15 stuks
Voor de garnalenbouillon:
1 sjalotje
10 gram roomboter
300 gram water
1 kilo ongepelde Hollandse garnalen
Roux:
80 gram roomboter
100 gram bloem
250 gram melk
250 gram garnalenbouillon (uit de ingrediƫnten hierboven)
6 gram gelatine, geweekt in koud water
2 eidooiers
50 gram slagroom
witte peper, zout, cayennepeper
paar druppels tabasco
2 eetlepels bladpeterselie, gehakt
fijn paneermeel
5 eiwitten
10 gram bloem
grof paneermeel
zonnebloemolie om te frituren
Pel de garnalen (er blijft ongeveer 300 gram over) en bewaar de doppen.
Fruit het sjalotje in een beetje boter. Roer de garnalendoppen erdoor en voeg 300 gram water toe. Breng dit aan de kook. Haal de pan van het vuur en laat afkoelen. Giet de bouillon door een zeef, vang het vocht op (gooi de garnalendoppen weg). Er is nu 250 gram bouillon over; laat afkoelen.

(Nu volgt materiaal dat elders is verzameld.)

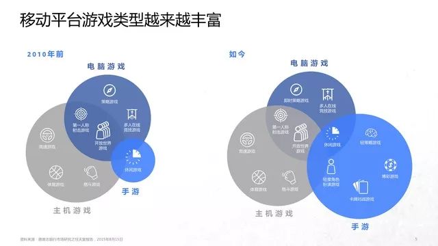 另外,移动平台游戏类型会越来越丰富。2010年阶段,手游仍处于休闲游戏为主的阶段。主机游戏上的是格斗游戏、竞速游戏、及第一人称射击等重度刺激游戏。PC端则有多人线上RPG、第一人称射击游戏与策略游戏。当时的手游设计太简单,缺乏中重度玩家追随的游戏逼真感。可是近几年来,专门为手机端开发的社交博弈游戏、策略游戏与轻度RPG游戏逐渐流行起来。随着新的玩法和对战模式推出,加上手游本身的社交属性,部分高付费率的RPG玩家因而将时间与花费转移到手游,当中比较成功的例子有腾讯的《王者荣耀》、《绝地求生》和IGG的《王国纪元》,手游发展让我们拭目以待。

Smelt voor de roux de boter in een pan met dikke bodem. Laat de bodem bruisen, maar voorkom dat hij bruin wordt. Roer met een garde de bloem erdoor. Laat 1 a 2 minuten doorgaren tot het goudgelig van kleur is en de massa loslaat van de pan. Giet geleidelijk de bouillon en de melk bij de roux, steeds wat toevoegend als de vorige hoeveelheid is opgenomen. Laat de ragout al roerend even doorkoken tot de bloem gaar is. Proef, en haal de pan van het vuur als de roux glanst en niet meer melig smaakt. Roer de uitgeknepen blaadjes gelatine erdoor.
Klop de eidooiers los met de room en roer dit mengsel door de ragout. Maak die op smaak met peper, zout, cayennepeper en een paar druppels tabasco. Roer de gepelde garnalen door de ragout en tot slot de gehakte bladpeterselie.
Laat de ragout een nacht afgedekt in de koelkast staan.
Schep met een ijsbolletjestang bollen ragout van ongeveer 60 gram. Rol deze op de werkbank door het fijne paneermeel tot een kroketje.
Klop de eiwitten los en roer de bloem erdoor.
Haal de kroketten door het eiwit en rol ze daarna door het grove paneermeel.
Frituur de kroketten 3 minuten in olie van 180 graden Celsius.